– Почему?

– Впереди по улице еще два дома, а за ними лес. Напротив, если глянешь в окно, тоже лес. Васька в хорошую погоду шашлыки в ста метрах от подъезда жарит…

– Если прижмут к реке, нам крышка[6], – вздохнула Ксюха и неуверенно, что было ей несвойственно, тихо предложила: – Давай тогда стелить?

Журов засуетился – дочь же самого Игнатова! – начал хлопать дверцами шкафа, нашел там одеяла и подушки, но никакого белья и в помине не было. «Сейчас у этого неряхи что-нибудь поищу! Уверен, заначка стираного у него имеется». С этими словами, мимо хрипов и стонов в соседней комнате, он проскочил к Ваське в спальню; тот, к его радости, был «не занят». Пытаясь вычленить в шипении, ругани и претензиях что-то внятное, лоснящийся от удовольствия Васька наконец сообразил, что от него требуется, и молча выдал Журову чистое, по его уверениям, белье. Даже полотенце нашлось!

Когда Журов вернулся в вытрезвитель, Ксюхи там не было. «Да куда она денется с подводной лодки», – пробормотал он, глядя на стену напротив, и постелил постель. Васька даже на наволочки не поскупился!

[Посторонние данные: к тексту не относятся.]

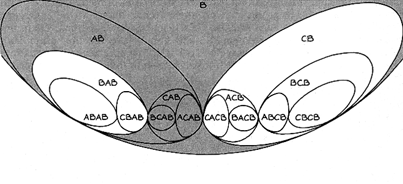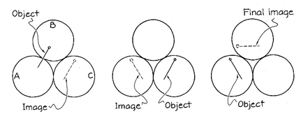 In order to identify which ball gives rise to which image, I applied a common technique for multiple reflections. When light rays from an object reflect at a surface such as a flat mirror or a shiny ball, an image is said to be created inside the surface. If the rays then reflect from a second surface, the image inside the first surface serves as the object for the second reflection and an image appears inside the second surface. In a sequence of multiple reflections you can start with the original object and go through the reflections by steps in this way. Each time an image serves as an object for the next reflection, until an observer intercepts the rays and sees the final image. Figure 6 demonstrates the technique for a sequence in which rays from the sky are first reflected by A and Band then in the order CAB before they are seen on the side of B. The first reflections are not shown, but the combined images of the sky that are produced in A and B are represented by a line joining A and B and having a dot at the B end. In the first part of the illustration the next step in the sequence is indicated. The images in A and B act as objects, and images of them appear in C. The second part of the illustration shows the next step: the images in C act as objects, and new images appear in A. In the third part of the illustration those images act as objects and the final images appear in B, which you see on the side of that ball. Note that with this technique you can determine where the sky image that is first reflected by B ends up. It is to the left of the sky image first reflected by A. The reflection sequences in the illustration are ACAB and BCAB. After repeating the analysis for other possible sequences, I constructed a map of many of the images seen in B [see upper illustration at left]. Observe that they form levels in the map (and on the ball) and that the ones on a lower level (lower on the ball) are smaller than the ones on a higher level (higher on the ball). I shall work downward through the shaded ovals in the map until I reach the images I have just described. The top level is labeled B and corresponds to the top of the ball, where light rays from the sky are reflected directly to you. On the left side of the next level there is an image of the sky that is first reflected by A. It surrounds the point where A and B touch and is part of the series seen when only A and B are present. Within that image are two more images. The one on the right is an image in which the rays undergo a reflection sequence CAB. Within that image are two more images that correspond to the sequences BCAB (on the left) and ACAB (on the right). These are the sequences that were shown in the preceding illustration. You might like to add more layers to the map. The images get smaller and the layers become more crowded. In my
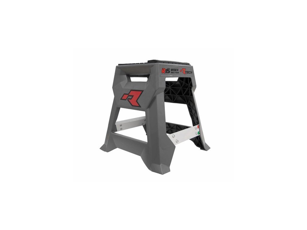 Stojan R15 WORX BIKE STAND je primárne určený pre motokrosové/enduro motocykle. Je vyrobený z farebného technopolyméru - na vrchnej strane je čierna gumová protišmyková vrstva, bočné strany sú vyrobené z eloxovaného hliníka.

Тут в комнату юркнула Ксюха, держа одежду в охапке, бросила ее на свободную тахту и улеглась, сверкая торчащими грудками и не прикрываясь одеялом:

– Давай, Серж Генсбур, согревай меня быстрее!

Часть II

1

После второго развода, когда жизненные обстоятельства бросили его на самое дно, но он чудом все-таки выкарабкался – во многом благодаря Варьке, – Журов был готов практически к любым ущемлениям своего «я». Красивая, размеренная жизнь с чувственной, стильной и разумной женщиной стала для него, безусловно, важней всех мужских слабостей и былых порывов. То ли в силу этого обстоятельства, то ли из своенравности натуры Варька постоянно его воспитывала. Не встречая серьезного сопротивления, она, как ему казалось, нередко перегибала палку. Тогда Журова подмывало уйти и переехать в свою однушку в Строгино, которую он сдавал покладистой и рукастой паре из Твери. Необходимость выставлять на улицу людей, исправно плативших ему деньги и содержащих квартиру в чистоте и порядке, всегда останавливала его. Он брал время на размышление. Варька, обладавшая потрясающей интуицией, что-то такое мгновенно улавливала, хватку приотпускала и двигалась в своей непримиримой позиции. И все возвращалось на круги своя, милейшая же и очаровательная женщина! Помимо образцовых жильцов имелась у Журова еще одна причина для нерешительности – боязнь запить по-черному, как с ним уже случалось.

Выстроив всех в выкупленной косметологической клинике настолько, что отпала необходимость ежедневного личного контроля, Варька переехала жить в Апрелевку в загородный дом, доставшийся ей от родителей. Вначале она имела привычку без всякого предупреждения сваливаться на Журова с проверкой, но всегда заставала его чистым, трезвым и нежным. А заодно проверяла и клинику, где и в ее отсутствие все тем не менее шло своим чередом – репутация не падала, и деньги с приятной ощутимостью поступали. Успокоившись, она стала приезжать реже, загородная жизнь пришлась ей по вкусу. Журов какое-то время кипятился – что за дела такие, они вместе живут или как? Варька на полном серьезе предложила бросить его никчемную работу – нормальных же денег не приносит – и переехать в Апрелевку, а в Москву наведываться лишь по случаю: в гости или в театр. Хоть предложение и казалось заманчивым – свою работу, как и всегда в жизни, Журов не любил, – согласиться он не мог; зарплата, какая-никакая, давала ему независимость или иллюзию независимости. Переехав к Варьке, он становился бы заложником любых ее прихотей.